In this matter of a woman’s eyes—if I may quit the thread of my history—I am a trifle fastidious, and I make bold to say that the finest eyes in the world are those of the Highland girls of Argile—burgh or landward—the best bred and gentlest of them, I mean: There is in them a full and melting friendliness, a mixture to my sometimes notion of poetry and of calm—a memory, as I’ve thought before, of the deep misty glens and their sights and secrets. I have seen more of the warm heart and merriment in a simple Loch Finne girl’s eyes than in all the faces of all the grand dames ever I looked on, Lowland or foreign.
What pleased me first and foremost about this girl Betty, daughter of Provost Brown, were her eyes, then, that showed, even in yon dusky passage, a humoursome interest in young Elrigmore in a kilt coming up-stairs swinging on a finger the key of Lucky Fraser’s garret. She hung back doubtfully, though she knew me (I could see) for her old school-fellow and sometime boy-lover, but I saw something of a welcome in the blush at her face, and I gave her no time to chill to me.

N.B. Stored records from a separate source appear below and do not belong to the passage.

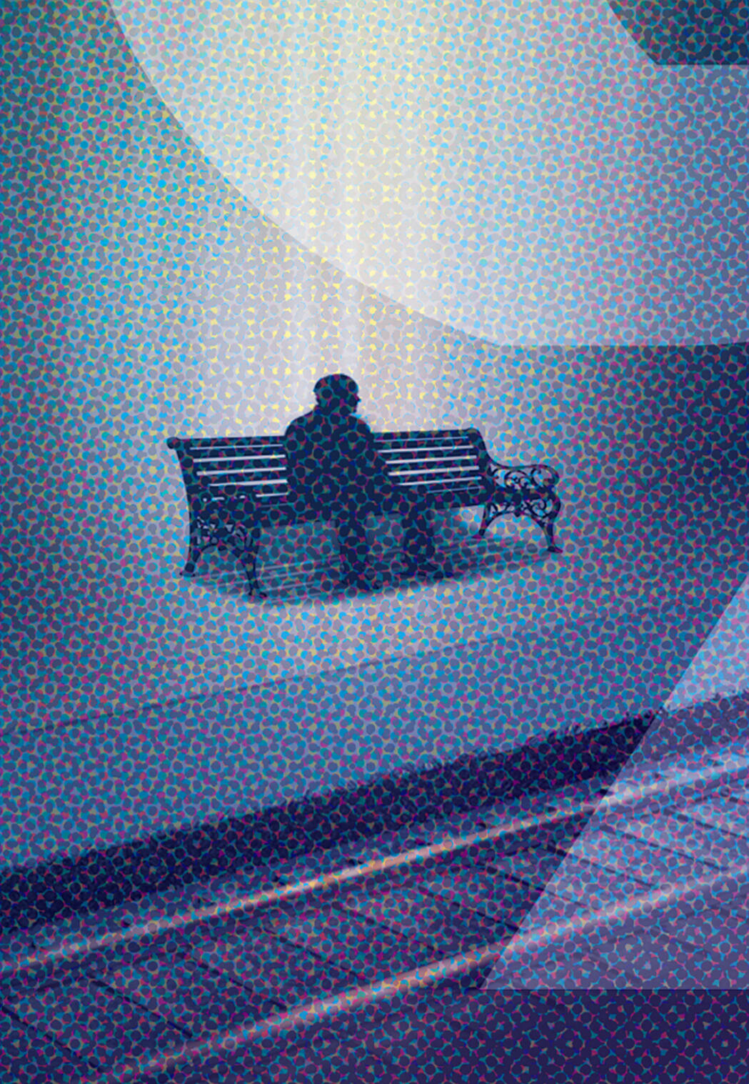The guy on the bench wasn't planned — he emerged from my own reaction to my own work. That's kinda wild, I guess.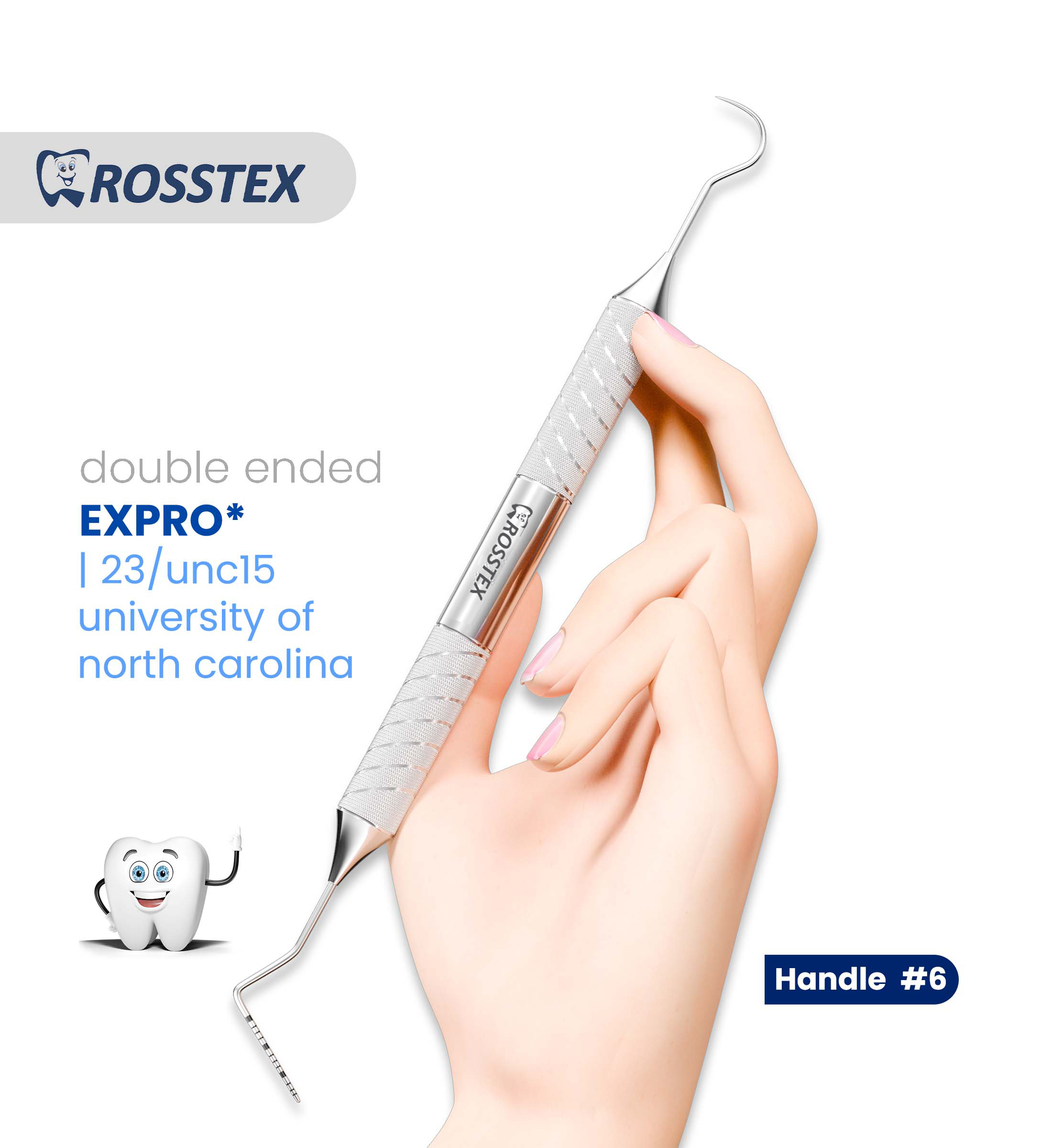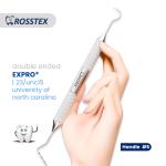 Expro XP23/UNC15 is a double-ended dental instrument combining a cp-unc15 probe marked from 1 to 15 for precise periodontal measurements, with an explorer on the opposite end for detecting surface irregularities and caries.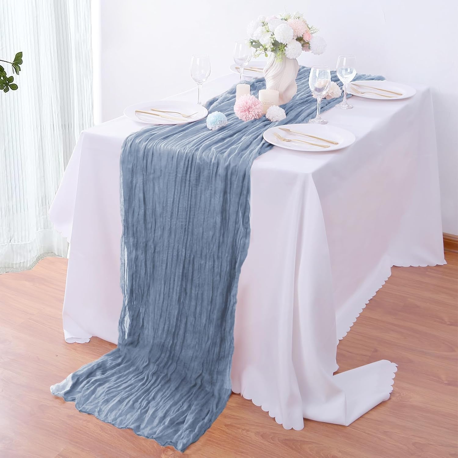 4 Pack Dusty Blue Cheesecloth Table Runner 35x120 Inch Boho Gauze Fabric Cheese Cloth Table Runner 10Ft Rustic Romantic Sheer Table Runners for Wedding Party Bridal Baby Shower Long Table Decoration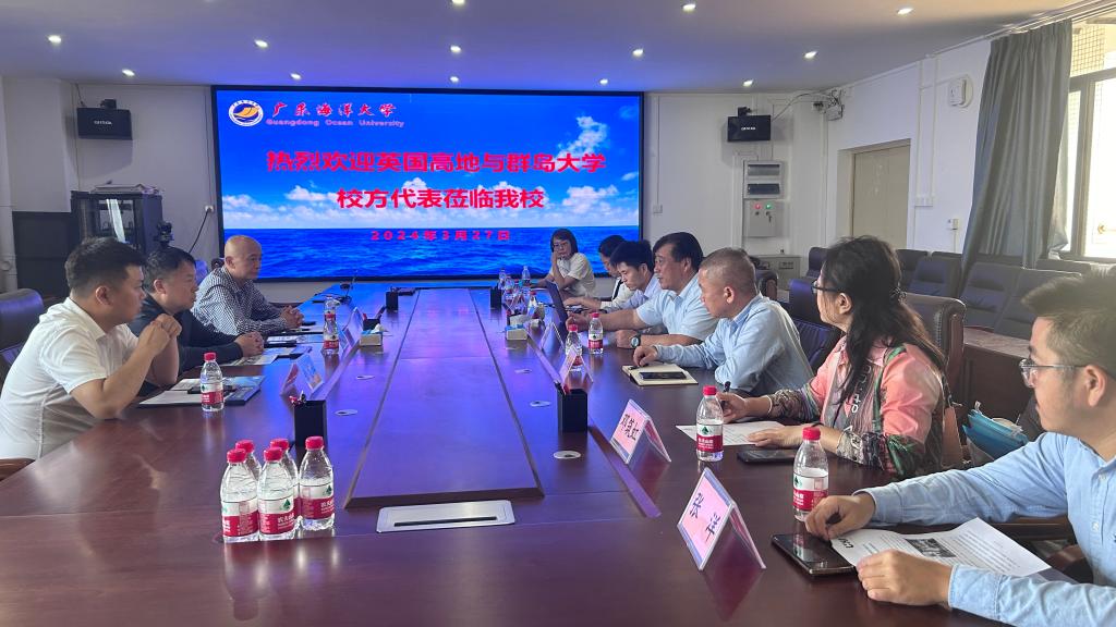相关人员接待来宾,为推进两校海洋科学专业合作办学项目举行座谈会。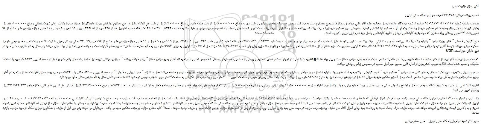 شماره پرونده اجرائی: 971375 شعبه دواجرای احکام مدنی اردبیل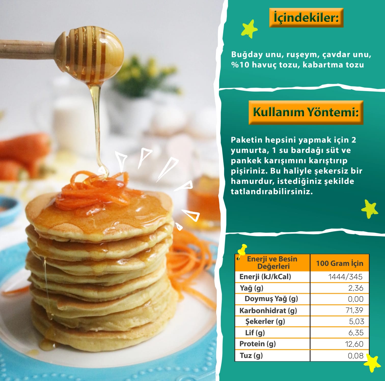 Pankek güzel ve hızlı bir kahvaltı alternatifi olduğu kadar 5 çaylarında arasına mor çilokata ya da bal vb sürülerek de ikram edilmekte. Ruşeym ve çavdar unu eklememiz ile karbonhidrat kalitesini arttırdığımız karışımımızı bir adım daha ileri götürebilmek için havuç da ekledik. Biz havucu düşük sıcaklıklarda kurutabildiğimiz ve besin değerleri azalmadan size ulaştırabildiğimiz için her bir paketimizin içinde 1 çok büyük havuca (78 gram) denk havuç var diyebiliyoruz göğsümüzü gere gere. Pankek şekersiz olduğundan şeker ya da meyve özleri tatlandırabilirsiniz. Umarız siz de en az bizim kadar beğenirsiniz.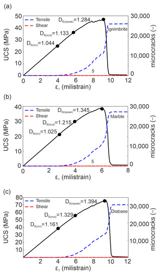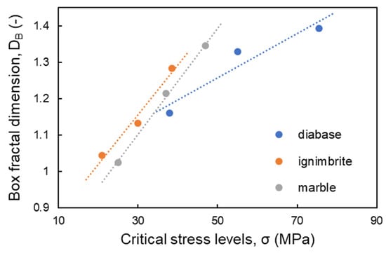 Overall, the DB values of cracking patterns at the critical stress levels demonstrate an explicit increment with increasing stress (Figure 11). Thus, the progressive crack accumulation was assessed using fractal theory to have an explicit quantitative data platform for the damage mechanics in rocks.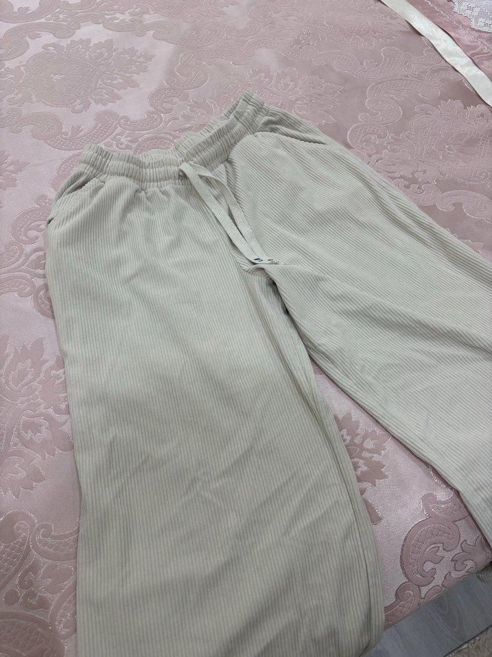 Bej renkli keten kumaştan, piliseli ve rahat kesim midi uzunluğunda kadın pantolonu, elastik bel bantlıdır.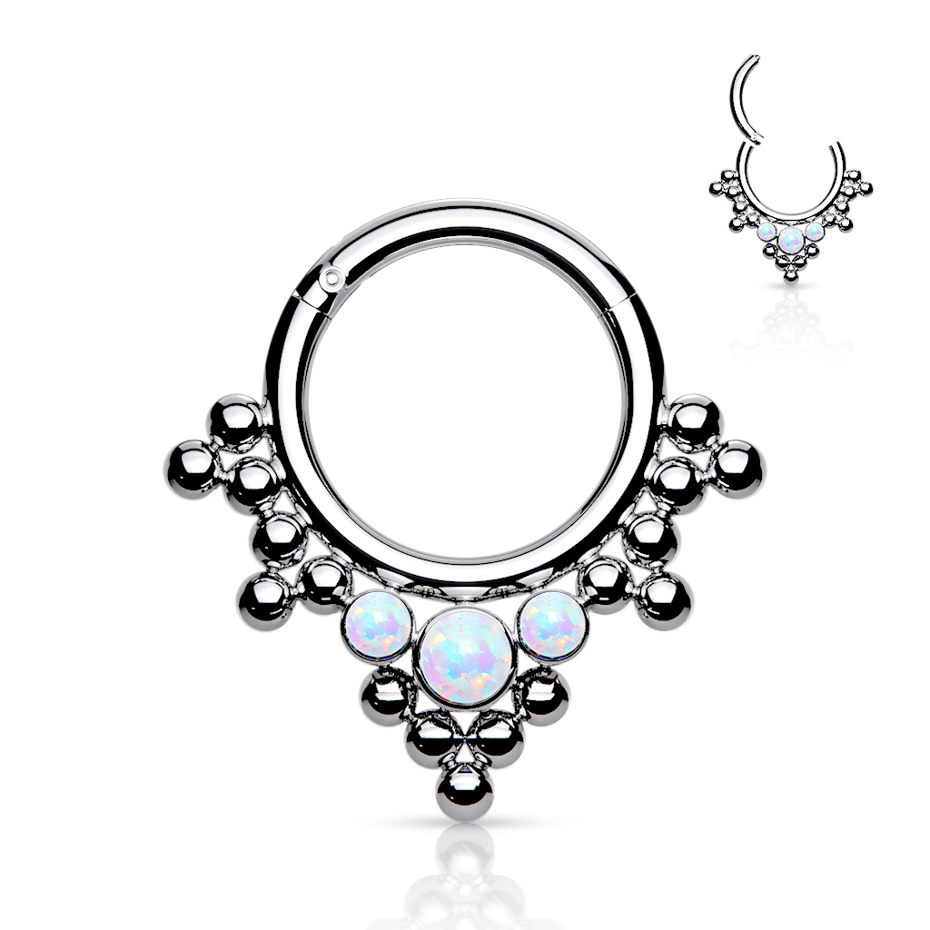 Tässä renkaassa on saranallinen lukitusmekanismi, joka on etu monella tapaa. Ensinnäkään sinun ei tarvitse näperrellä pienien pallojen kanssa, jotka voivat kadota jos pudotat ne esim. viemäriin. Toisekseen sen avaaminen ja sulkeminen on todella helppoa. Renkaan halkaisija on 8 mm ja sen tapin paksuus on 1.2 mm. Kokonsa puolesta rengas sopii useisiin lävistyksiin, kuten septumiin. Jos sinulla on muitakin samankokoisia lävistyksiä, voit ehdottomasti käyttää rengasta niihin. Rengas on titaanista, joten se soveltuu myös uusiin lävistyksiin.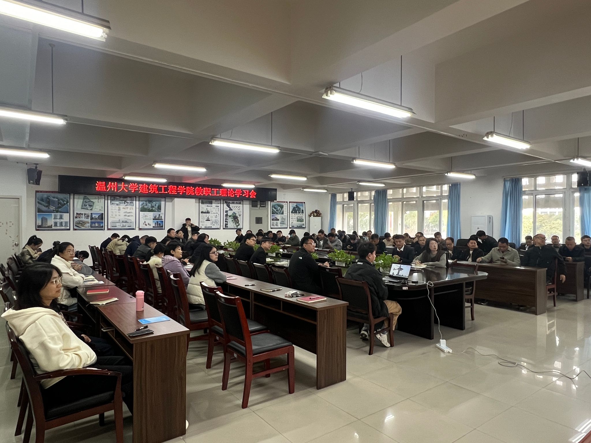 召开全体教职工理论学习会,会议由学院党委书记王壮主持。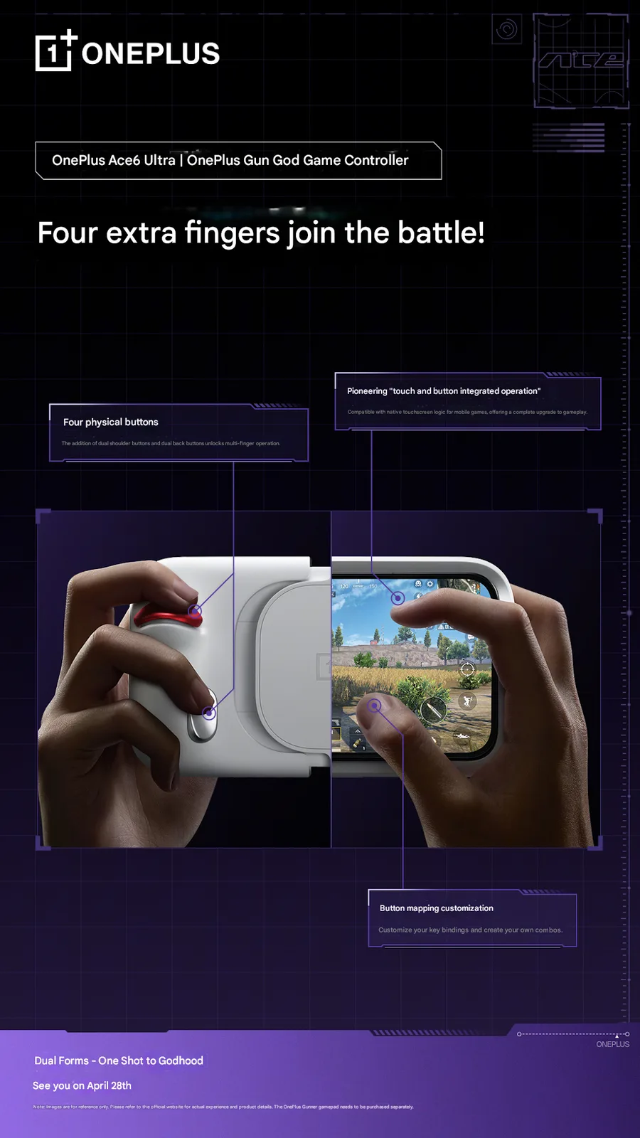 L'accessorio aggiunge quattro pulsanti fisici e incoraggia i controlli ibridi: tocco e pulsanti. OnePlus dimostra che con il controller collegato, i giocatori possono facilmente utilizzare più dita per giocare ai giochi di tiro sull'Ace 6 Ultra. Questa configurazione, come mostrano i video, rende più facile eseguire azioni FPS complesse come sbirciare, mirare, sparare e controllare il rinculo allo stesso tempo.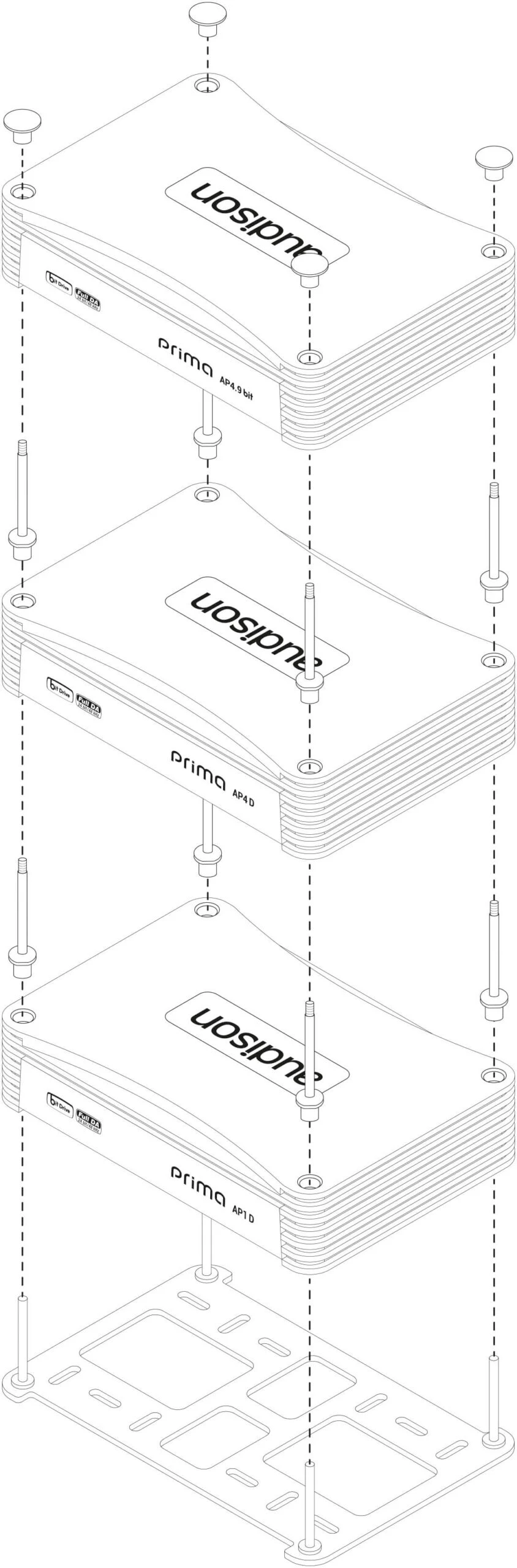 Audison Prima Towerkit zur einfachen Montage der Prima AP Verstärker. Es können damit 3 Verstärker übereinander gestapelt werden.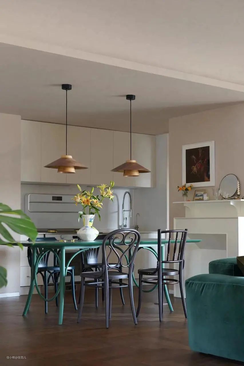 之前分享的贵州设计师案例中,就在餐厅选用了款式繁琐的曲木椅,配合丰富的绿植,完全有别于极简风的刻板和无聊。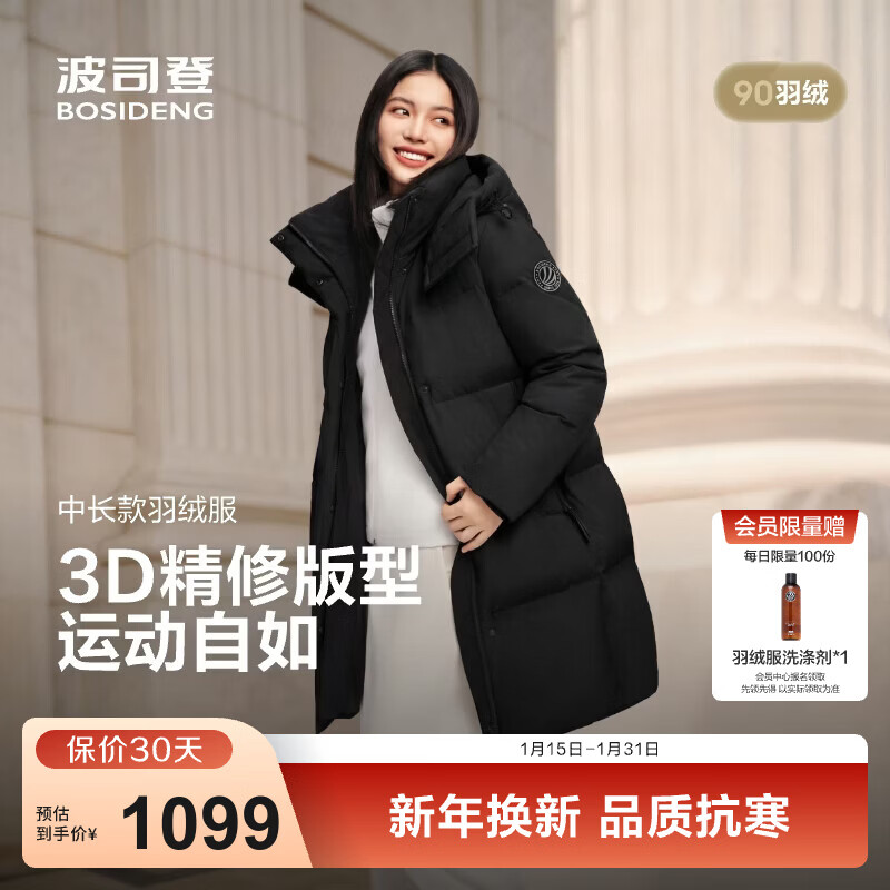 波司登(BOSIDENG)25新款羽绒服男女同款运动系列中长款宽松加厚学生面包服外套 黑色|8056 卡码拍大 S 160/84A 体重约100-110斤

“Betty lass, ’tis you,” said I, putting out a hand and shaking her soft fingers. “What think you of my ceremony in calling at the earliest chance to pay my devoirs to the Provost of this burgh and his daughter?”
I put the key behind my back to give colour a little to my words; but my lady saw it and jumped at my real errand on the stair, with that quickness ever accompanying eyes of the kind I have mentioned.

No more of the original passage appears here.